Canadian fencer (born 2005)

Jessica Zi Jia Guo (born 23 June 2005) is a Canadian left-handed foil fencer.

==Career==

In 2019, Guo won the silver medal in the women's foil event at the Pan American Games held in Lima, Peru. In the final, she lost against American Lee Kiefer.

Guo represented Canada at the 2020 Summer Olympics in Tokyo, Japan. She competed in the women's foil and women's team foil events. She advanced to the Table of 16 in individual foil, and helped Canada to a fifth-place finish in team foil.

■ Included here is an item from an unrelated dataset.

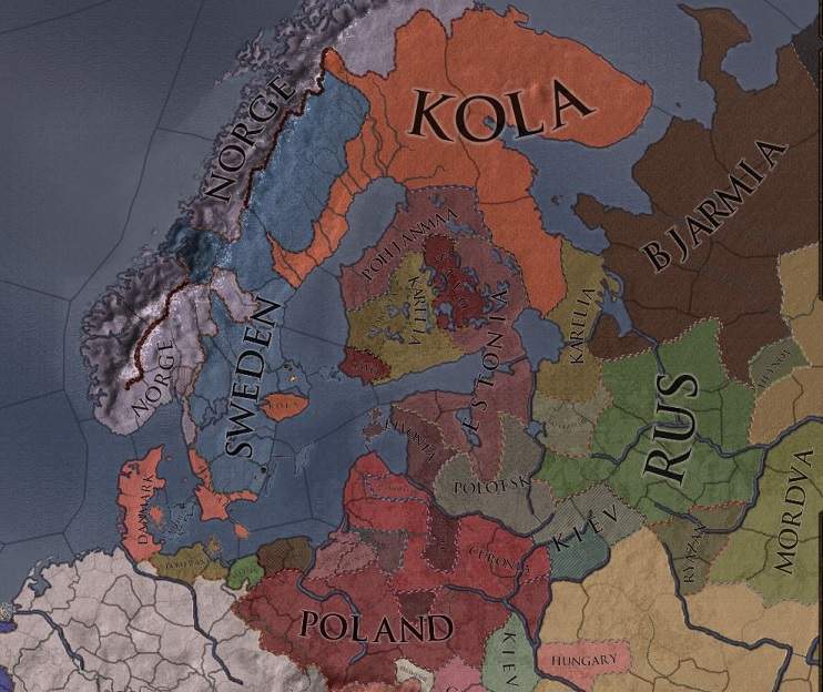 スウェーデンはdejure域のほぼすべてを回復。一部にゲルマンの大部族、コラ大族長の領土があるのみだ。 この頃バルト沿岸地域では、OSOTRITIA公国がポメラニア公国を征服。これによって、ポメラニア王を名乗っている、 が、ポメラニア公の領域はポーランド王の聖戦によって奪われ、さらにHRE皇帝の親征を受けて、カトリックへの改宗を余儀なくされている。 これでスラブ教を信ずる勢力は掃滅されたことになる。

In 2021, Guo won the Cadet Women's Foil World Championship in Cairo, Egypt.

On 6 April 2022, Guo successfully defended her Cadet Women's Foil World Championship title in Dubai. In the final match of women's foil, Guo faced Great Britain's Carolina Stutchbury, winning with a 15–7 score. In the semifinal round, Stutchbury won against Japan's Rino Nagase, 15–10, while Guo defeated Italy's Matilde Molinari, 15–11.